- RAW DATA:
[Start of Attachment]
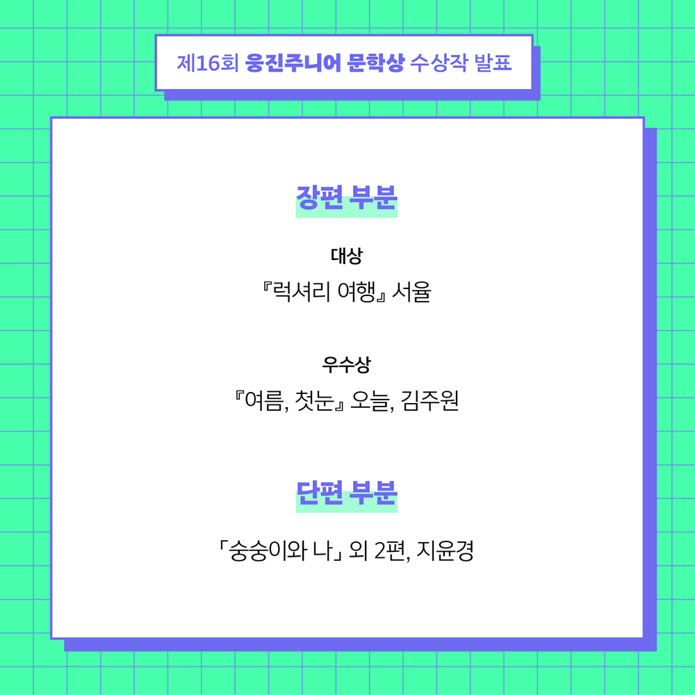 제16회 웅진주니어 문학상, 제7회 웅진주니어 그림책상
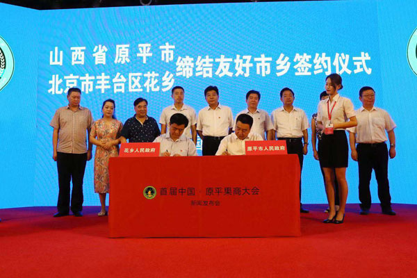 8月3日,首屆中國•原平果商大會新聞發佈會在素有北京市“菜籃子”、“果盤子”之稱的新發地隆重舉行,原平市政府與花鄉鄉政府簽署了友好合作協議。來自山西省原平市、北京市豐台區花鄉、新發地村,新發地農產品批發市場和四十家新聞媒體的記者等有關單位共計150餘人參加了本次發佈會。
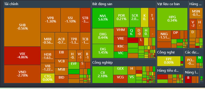 toàn sàn có 189 mã giảm so với 133 mã tăng và 58 mã đứng giá. Áp lực bán xuất hiện nhiều ở nhóm tài chính - ngân hàng, khi hàng loạt cổ phiếu lớn như VPB (-1,30%), SSI (-1,10%), STB (-3,00%), VIX (-4,86%) hay VND (-2,78%) đồng loạt lùi bước. Đây là nguyên nhân chính khiến thị trường chung khó giữ nhịp tăng. Trong rổ VN30, nhiều mã ngân hàng cũng chìm trong sắc đỏ như BID (-2,45%), HDB (-1,63%), MBB (-0,56%), CTG (-0,00% nhưng biến động mạnh trong phiên).
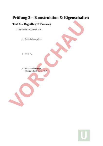 Prüfung 2 – Konstruktion Eigenschaften Teil – Begriffe (10 Punkte) 1. Beschrifte ein Dreieck mit: Seitenhalbierende sa Höhe a Winkelhalbierende (Skizze erforderlich) (10P) Teil – Konstruktion (20 Punkte) 2. Konstruiere ein Dreieck mit: Seite 6 cm Winkel 50 Winkel 60 (6P) 3. Konstruiere die Seitenhalbierenden und bestimme den Schwerpunkt. (5P) 4. Konstruiere die Ankreise (nur skizzieren reicht) (4P) 5. Konstruiere eine Winkelhalbierende und erkläre ihre Bedeutung. (5P) Teil – Denken (10 Punkte) 6. Der Schwerpunkt teilt jede Seitenhalbierende im Verhältnis 2:1. Zeichne und erkläre dies. (5P) 7. Warum kann ein Dreieck mehrere Lösungen haben? (Konstruktion) (5P)
[End of Attachment]
- WHAT TO DO:
Leaving out the pictures, output the listing above exactly as given.

- PROBLEM SOLUTION:
 제16회 웅진주니어 문학상, 제7회 웅진주니어 그림책상
 8月3日,首屆中國•原平果商大會新聞發佈會在素有北京市“菜籃子”、“果盤子”之稱的新發地隆重舉行,原平市政府與花鄉鄉政府簽署了友好合作協議。來自山西省原平市、北京市豐台區花鄉、新發地村,新發地農產品批發市場和四十家新聞媒體的記者等有關單位共計150餘人參加了本次發佈會。
 toàn sàn có 189 mã giảm so với 133 mã tăng và 58 mã đứng giá. Áp lực bán xuất hiện nhiều ở nhóm tài chính - ngân hàng, khi hàng loạt cổ phiếu lớn như VPB (-1,30%), SSI (-1,10%), STB (-3,00%), VIX (-4,86%) hay VND (-2,78%) đồng loạt lùi bước. Đây là nguyên nhân chính khiến thị trường chung khó giữ nhịp tăng. Trong rổ VN30, nhiều mã ngân hàng cũng chìm trong sắc đỏ như BID (-2,45%), HDB (-1,63%), MBB (-0,56%), CTG (-0,00% nhưng biến động mạnh trong phiên).
 Prüfung 2 – Konstruktion Eigenschaften Teil – Begriffe (10 Punkte) 1. Beschrifte ein Dreieck mit: Seitenhalbierende sa Höhe a Winkelhalbierende (Skizze erforderlich) (10P) Teil – Konstruktion (20 Punkte) 2. Konstruiere ein Dreieck mit: Seite 6 cm Winkel 50 Winkel 60 (6P) 3. Konstruiere die Seitenhalbierenden und bestimme den Schwerpunkt. (5P) 4. Konstruiere die Ankreise (nur skizzieren reicht) (4P) 5. Konstruiere eine Winkelhalbierende und erkläre ihre Bedeutung. (5P) Teil – Denken (10 Punkte) 6. Der Schwerpunkt teilt jede Seitenhalbierende im Verhältnis 2:1. Zeichne und erkläre dies. (5P) 7. Warum kann ein Dreieck mehrere Lösungen haben? (Konstruktion) (5P)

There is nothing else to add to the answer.